Munch Museum (), marketed as Munch (stylised as MUNCH) since 2020, is an art museum in Bjørvika, Oslo, Norway dedicated to the life and works of the Norwegian artist Edvard Munch.

The museum was originally located at Tøyen, which was opened in 1963. The museum moved to the new museum building at Bjørvika, which was opened in 22 October 2021.

Selected collection highlights

History

Original museum 

The original Munch Museum was situated at Tøyen in the Oslo borough of Gamle Oslo. Construction of the museum was financed from the profits generated by the Oslo municipal cinemas and opened its doors in 1963 to commemorate what would have been Munch's 100th birthday. Its collection consists of works and articles by Munch, which he donated to the municipality of Oslo upon his death, and additional works donated by his sister Inger Munch, as well as various other works obtained through trades of including duplicate prints.

The museum had in its permanent collection well over half of the artist's entire production of paintings and at least one copy of all his prints. This amounted to over 1,200 paintings, 18,000 prints, six sculptures, as well as 500 plates, 2,240 books, and various other items. The museum also contained educational and conservation sections, and has facilities for the performing arts.

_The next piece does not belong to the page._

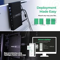 Optimized for Digital Signage, Suitable for digital signage use, fully support all OptiSigns features, apps. Easy Setup and manage from anywhere, pre-installed OptiSigns Player, manage your screen from OptiSigns portal or OptiSigns Admin app. Lots of Integrations,160+ apps help you quickly and easily put useful content on the screens Easy Content Creation, 5000+ ready to use templates and easy to use designer help you design your digital signs in minutes Powerful & Reliable, Intel Pentium Quad-Core CPU, 4GB RAM, 128GB SSD, passive cooling for 24/7 operation, 4K Ultra HD support, seamless connectivity with Wi‑Fi 6, Ethernet, HDMI‑CEC & RS‑232, secure Linux OS with regular updates, smart automation with auto power‑on & RTC wake‑up, compact design for easy integration. OptiSigns subscription needed. Free plan available for up to 3 screens with OptiSigns branding.

The museum structure was designed by architects Einar Myklebust and Gunnar Fougner. Myklebust also played an important role in the expansion and renovation of the museum in 1994 for the 50th anniversary of Munch's death. This site has also been the location of filming for an Olsenbanden-movie from 1984.

The last exhibition of the museum while at Tøyen, Oslo was opened in May 2021, which lasted until 1 October.

Current museum 

Previously, in 2008, the City of Oslo promoted an architectural competition for a new Munch Museum in the area of Bjørvika, a new urban development where the Oslo Opera House is also located.  The competition was won in 2009 by Spanish architect Juan Herreros and his studio Herreros Arquitectos (now estudio Herreros).

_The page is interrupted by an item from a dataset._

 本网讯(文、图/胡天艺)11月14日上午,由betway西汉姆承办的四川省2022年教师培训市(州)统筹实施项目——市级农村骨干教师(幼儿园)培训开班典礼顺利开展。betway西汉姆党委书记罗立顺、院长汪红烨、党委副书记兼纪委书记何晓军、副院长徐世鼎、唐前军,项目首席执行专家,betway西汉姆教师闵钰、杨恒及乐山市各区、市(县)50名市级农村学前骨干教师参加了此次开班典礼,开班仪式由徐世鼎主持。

Before the local election in Oslo in 2011, the Oslo Progress Party decided that they would no longer support the project due to economic concerns. After the election, in December 2011, the Oslo City Council voted to end the project. Instead the council wanted to consider improving the current museum or moving the collection to Nasjonalgalleriet.

In May 2013, the Oslo City Council finally took the decision to revive the project, and move the museum to its new site on the waterfront, next to the Oslo Opera House. Construction started during September  2015. The new museum has been widely criticised for its design, where it has been branded the unofficial worlds largest collection of guard rails.

In summer 2021, 28000 pieces of art was moved from the previous museum at Tøyen, to the new museum at Bjørvika, Oslo.

The museum was opened by the King Harald V in October 22 2021.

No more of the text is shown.